■ **Exercise brief**: Please leave out pictures and print exactly the lines from the one that has "カニやイクラなどを豪快に盛り" through the last line of the material below.

■ **Data shown**:
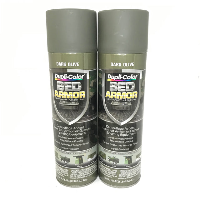 This is TWO 16.5 oz Aerosol spray cans of Duplicolor Dark Olive Camouflage Bed Armor.
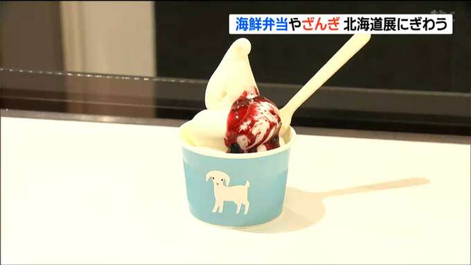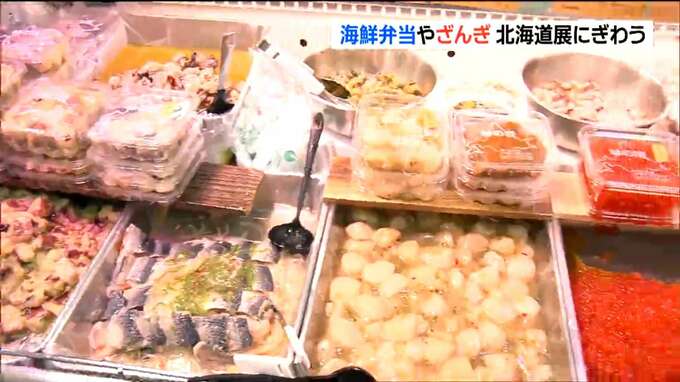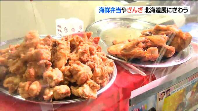 カニやイクラなどを豪快に盛り付けた海鮮弁当に、ショウガが効いた北海道名物の唐揚げ「ざんぎ」。仙台市青葉区の藤崎で始まった物産展では、北海道のグルメを提供する約60ブースが並んでいます。
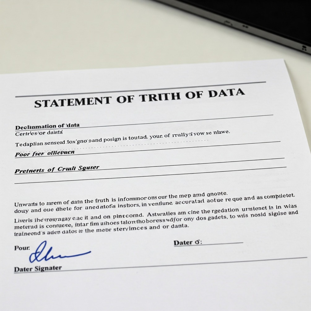 - Text prehlásenia: Jasné a zrozumiteľné prehlásenie o pravdivosti a úplnosti údajov.
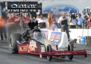 Tony Schumacher in his Army dragster qualified number two during the final session of qualifying with a 3.826-second pass at 314.46 mph. Antron Brown's Matco dragster run from Friday night of 3.830 seconds at 313.80 mph put him in the number three spot. Rookie Spencer Massey, in the U.S. Smokeless Tobacco dragster, qualified number four with a run of 3.847 seconds at 310.27 mph. Brandon Bernstein qualified number five with a 3.875 second pass at 308.07 mph, and he ran the fastest pass of the event during the final qualifying session in his Budweiser/Lucas dragster, at 316.38 mph.

■ **Exercise answer**:
 カニやイクラなどを豪快に盛り付けた海鮮弁当に、ショウガが効いた北海道名物の唐揚げ「ざんぎ」。仙台市青葉区の藤崎で始まった物産展では、北海道のグルメを提供する約60ブースが並んでいます。
 - Text prehlásenia: Jasné a zrozumiteľné prehlásenie o pravdivosti a úplnosti údajov.
 Tony Schumacher in his Army dragster qualified number two during the final session of qualifying with a 3.826-second pass at 314.46 mph. Antron Brown's Matco dragster run from Friday night of 3.830 seconds at 313.80 mph put him in the number three spot. Rookie Spencer Massey, in the U.S. Smokeless Tobacco dragster, qualified number four with a run of 3.847 seconds at 310.27 mph. Brandon Bernstein qualified number five with a 3.875 second pass at 308.07 mph, and he ran the fastest pass of the event during the final qualifying session in his Budweiser/Lucas dragster, at 316.38 mph.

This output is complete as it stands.